> WHAT YOU SHOULD DO:
Could you repeat the records below exactly, leaving the pictures out?

[Data items]
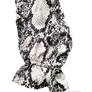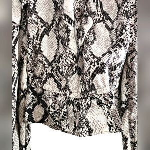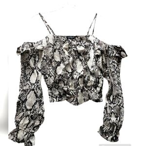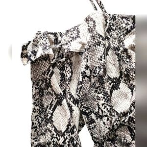 Express snakeskin print bow front, cold shoulder, peplum top, cinched waist and wrist, adjustable straps, Size Small new with tags.
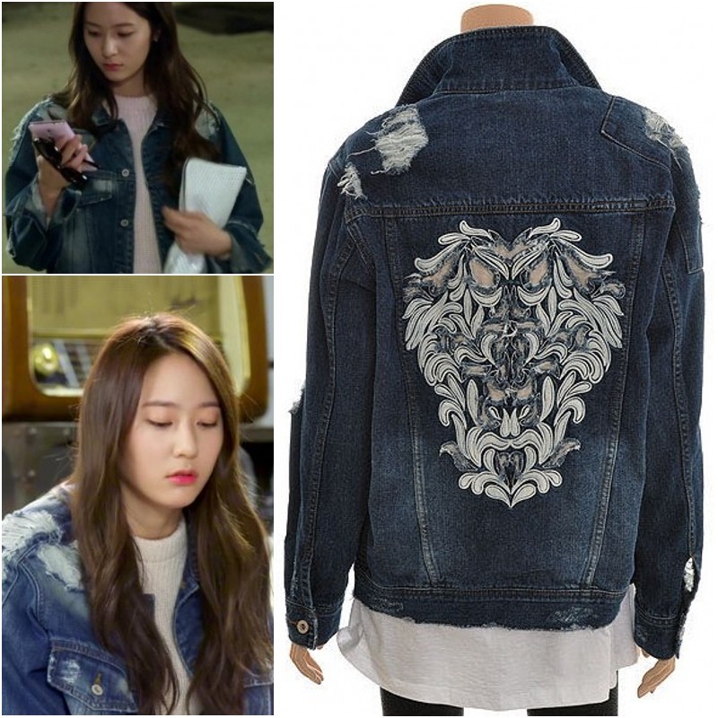 预售505#韩国风继承者们同款破洞牛仔外套 刺绣牛仔衣 女
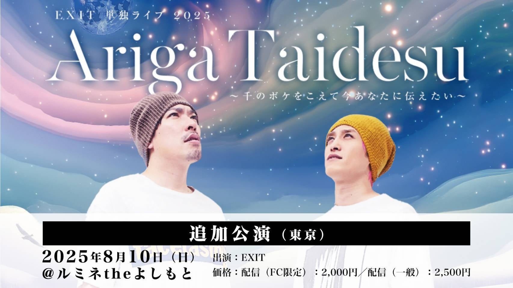 ルミネtheよしもとにて追加公演決定!『EXIT 単独ライブ 2025 Ariga Taidesu 』 ~千のボケをこえて今あなたに伝えたい~
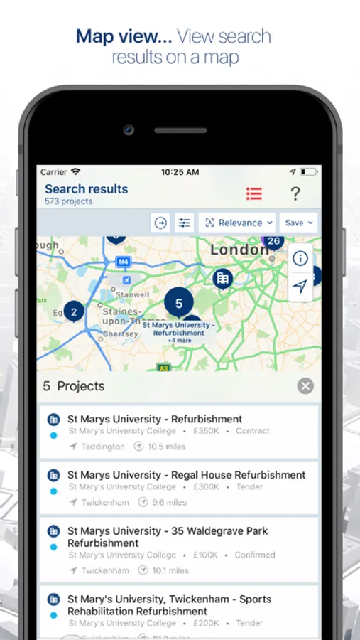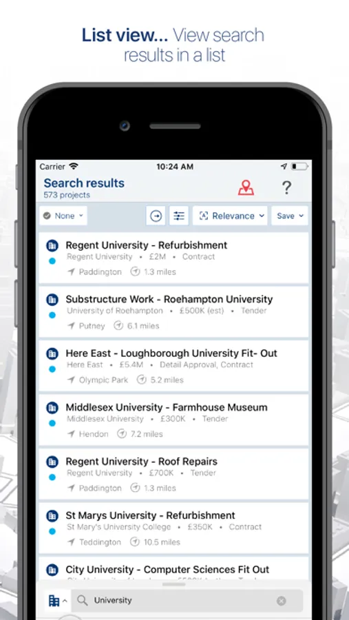 * Discover leads by finding relevant projects and companies and display results in a list or on a map
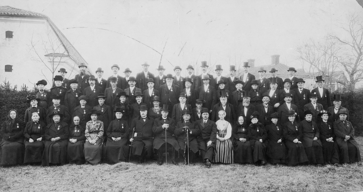 Personalen vid Gefle Manufaktur AB i Strömsbro. Givarens mormorsmor Johanna Wickström sitter till vänster om kvinnan i randig kjol.
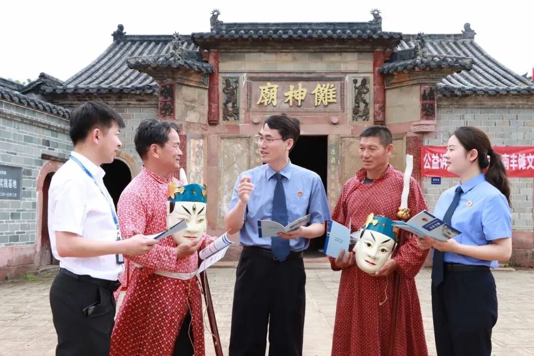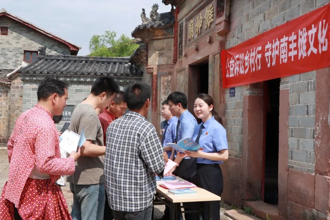南丰县检察院充分发挥检察职能,为促进国家非物质文化遗产全面保护,提高村民保护文化遗产意识,组织干警赴三溪乡石邮村开展“公益诉讼乡村行 守护南丰傩文化”活动。
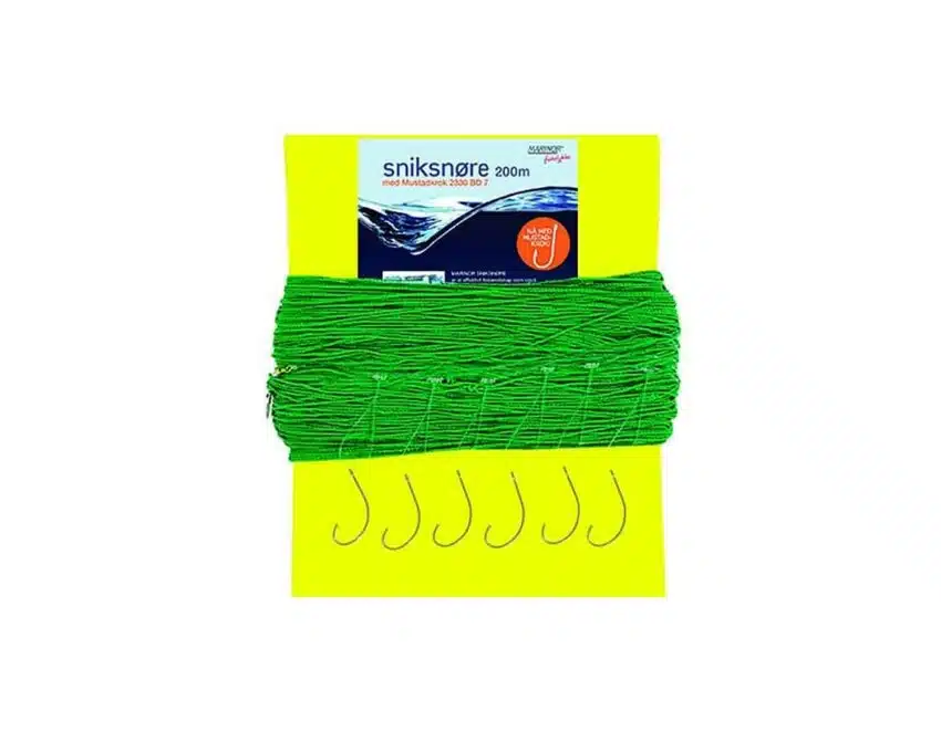 Lagerføres i 100m og 200m snøre med 6 rustfrie Mustad kroker i str. 4/0.
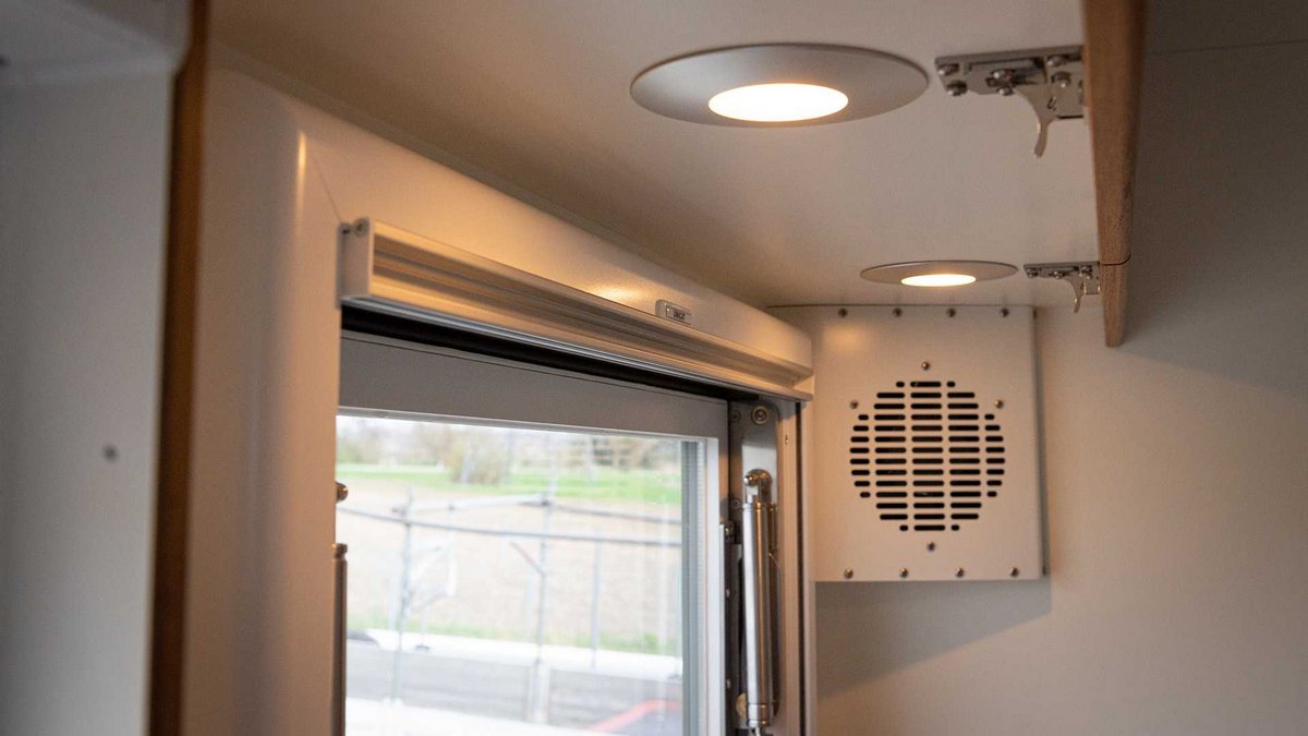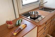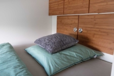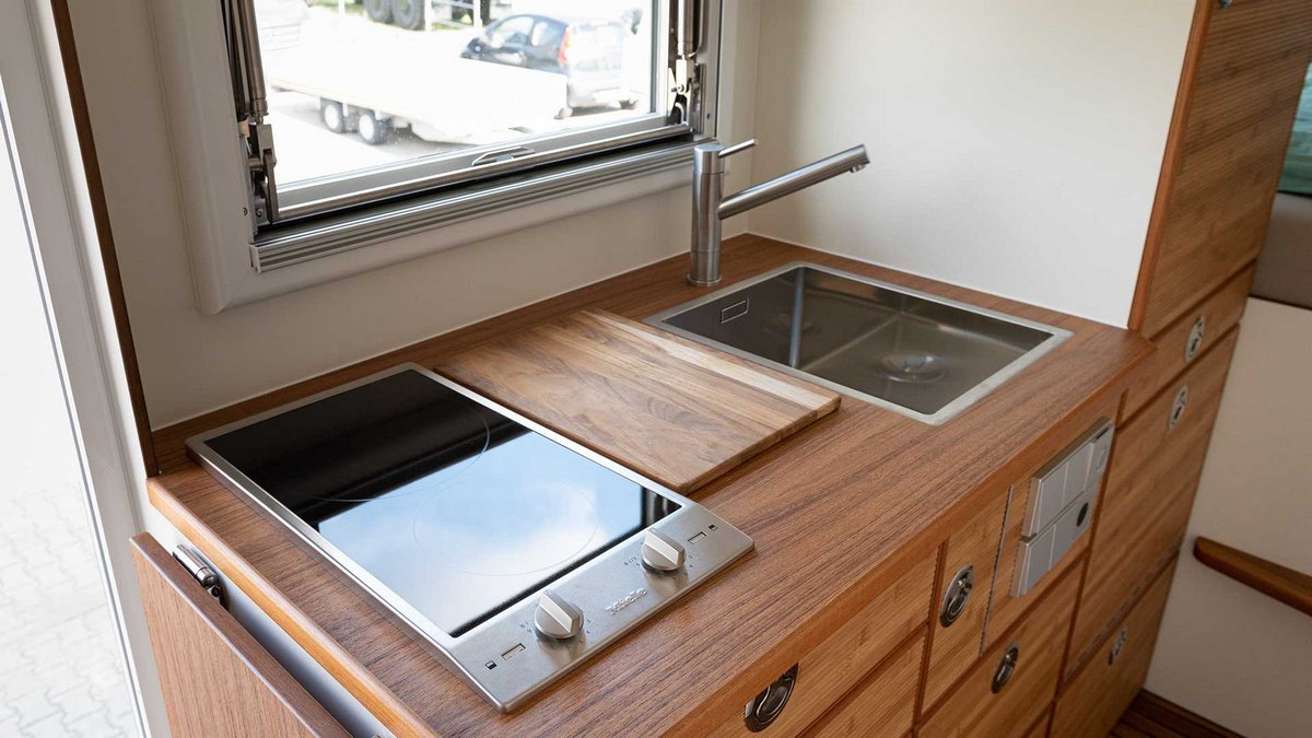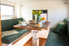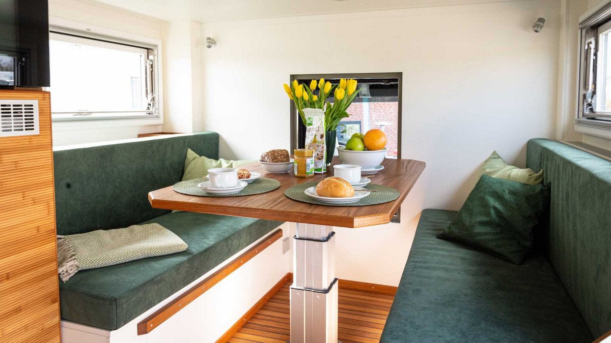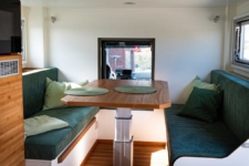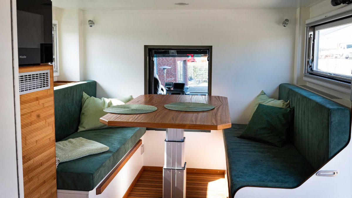 Las paredes, de 6 cm de espesor, cuenta con un aislamiento térmico para soportar todo tipo de climas. Aunque como podrás imaginar, también incorpora un potente sistema de climatización con aire acondicionado y calefacción. El interior, que está rematado en gran parte con madera de teca o bambú, incluye una zona de estar con capacidad para seis personas y una mesa que puede bajarse con tan solo presionar un botón para formar una cama de matrimonio.
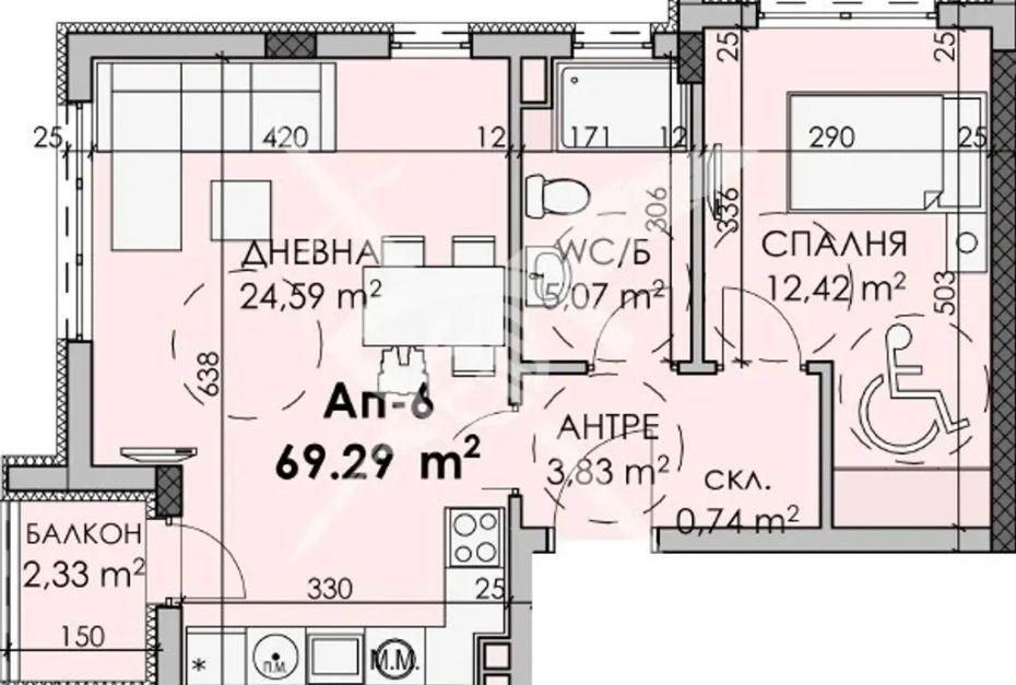 РАЗПРЕДЕЛЕНИЕ: Жилището разполага с площ 69,29 кв.м., състои се от хол с кухня, спалня и баня с тоалетна.

> SOLUTION FOR THIS EXERCISE:
 Express snakeskin print bow front, cold shoulder, peplum top, cinched waist and wrist, adjustable straps, Size Small new with tags.
 预售505#韩国风继承者们同款破洞牛仔外套 刺绣牛仔衣 女
 ルミネtheよしもとにて追加公演決定!『EXIT 単独ライブ 2025 Ariga Taidesu 』 ~千のボケをこえて今あなたに伝えたい~
 * Discover leads by finding relevant projects and companies and display results in a list or on a map
 Personalen vid Gefle Manufaktur AB i Strömsbro. Givarens mormorsmor Johanna Wickström sitter till vänster om kvinnan i randig kjol.
南丰县检察院充分发挥检察职能,为促进国家非物质文化遗产全面保护,提高村民保护文化遗产意识,组织干警赴三溪乡石邮村开展“公益诉讼乡村行 守护南丰傩文化”活动。
 Lagerføres i 100m og 200m snøre med 6 rustfrie Mustad kroker i str. 4/0.
 Las paredes, de 6 cm de espesor, cuenta con un aislamiento térmico para soportar todo tipo de climas. Aunque como podrás imaginar, también incorpora un potente sistema de climatización con aire acondicionado y calefacción. El interior, que está rematado en gran parte con madera de teca o bambú, incluye una zona de estar con capacidad para seis personas y una mesa que puede bajarse con tan solo presionar un botón para formar una cama de matrimonio.
 РАЗПРЕДЕЛЕНИЕ: Жилището разполага с площ 69,29 кв.м., състои се от хол с кухня, спалня и баня с тоалетна.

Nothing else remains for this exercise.